# Stuff you need to know after the ammo bans..



## Magus (Dec 1, 2008)




----------



## HamiltonFelix (Oct 11, 2011)

I recall, years ago, drilling some flash holes oversized on .45 ACP brass I was using with those plastic, primer-powered indoor "Target 45" bullets Speer used to sell. I seem to also recall being warned not to mix those cases with my others, as the oversized flash holes would cause normal firing pressures to do bad things to primers.

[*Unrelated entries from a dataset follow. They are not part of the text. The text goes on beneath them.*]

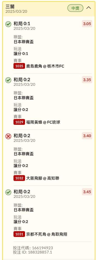 過關炫耀 >> 日聯賽讓分4過3過1單
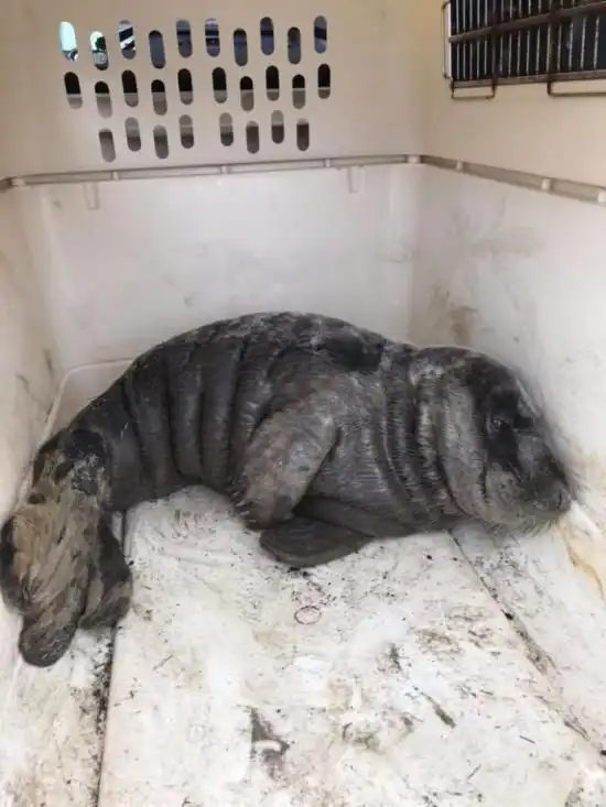 2-месячный тюлень не проявлял никаких признаков агрессии и спокойно дал поместить себя в переноску.
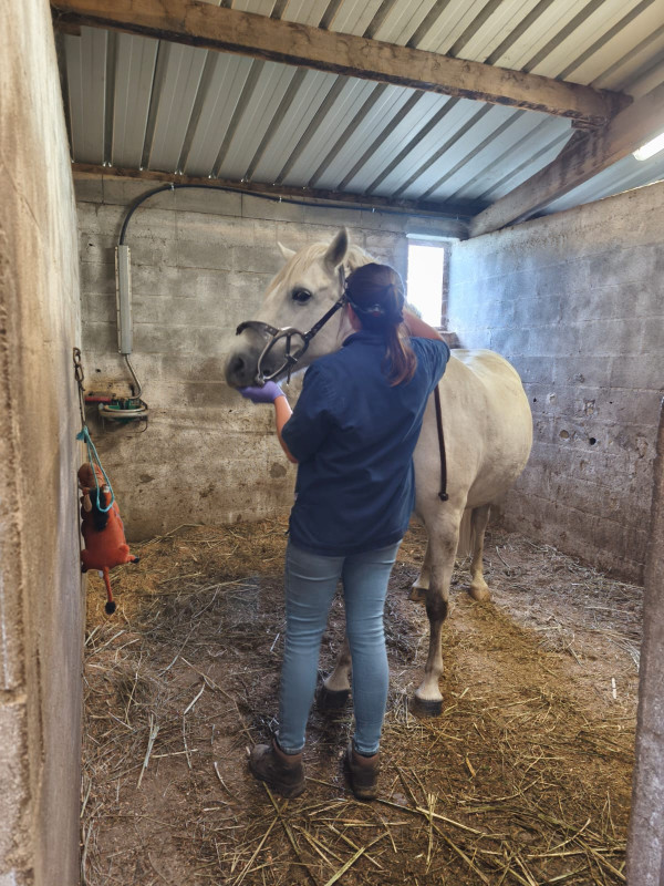 phiphie Pour ce qui est des soins, quels qu'ils soient elle a toujours été au top. Depuis que je la connais c'est une jument très proche de l'humain, qui fait totalement confiance et demande des bisous à tout le monde (y compris le piéton croisé en balade....ce qui peut surprendre le dit-piéton )
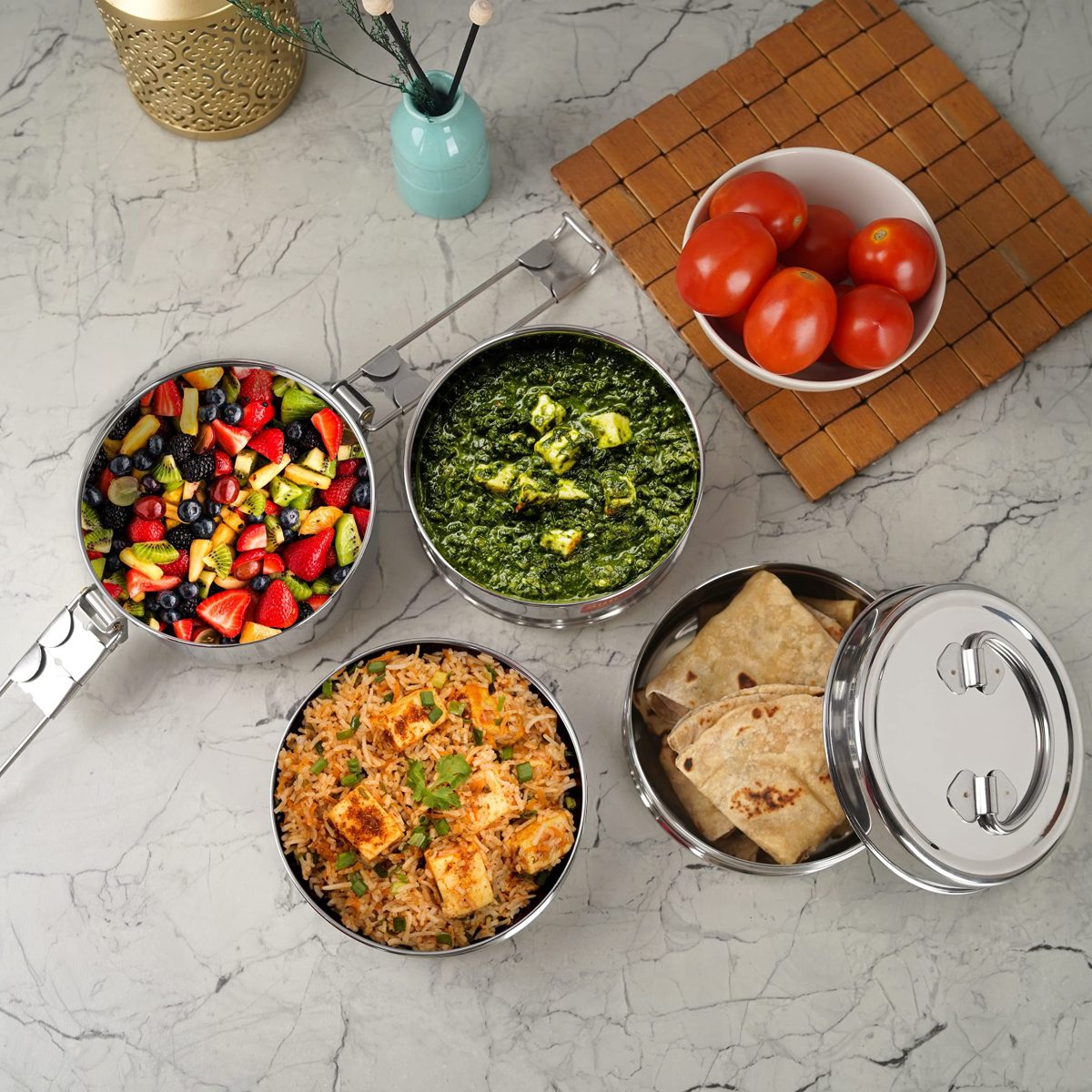 - Pack contents 1 Tiffin box with 4 containers: 13 X 13 X 19 (Cm), Capacity – 2550ml: Weight – 670gms
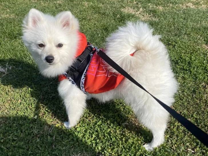 Un Esquimau Américain sur une surface herbacée et qui est tenu en laisse

As I say, this was a long time ago and memory is fuzzy. But should we worry about doing this Boxer conversion and having the wrong sized flash holes?


----------



## hiwall (Jun 15, 2012)

if the flash hole is oversize and the ammo is stored primer down then powder can work its way into the primer area causing increased pressures----or so the rumor says??


----------



## OldCootHillbilly (Jul 9, 2010)

So ifin ya keep em standin on there heads they'd be OK? Cause I got lots a them layin round I'd like ta use. Maybe the key be the right size flash hole? Anybody know what size that there might be?


----------



## Caribou (Aug 18, 2012)

They should be a bit larger than the depriving pin. That would be easy enough to check.


----------



## mosquitomountainman (Jan 25, 2010)

The information I've found gives anywhere from .074 to .082 thousandths. Some of the target ammo uses smaller diameter primer holes. The larger holes (over .082) are _sometimes_ detrimental to accuracy although some range time would be worth it just to be sure. A lot will depend on the powder/primer/bullet/cartridge combination in question.


----------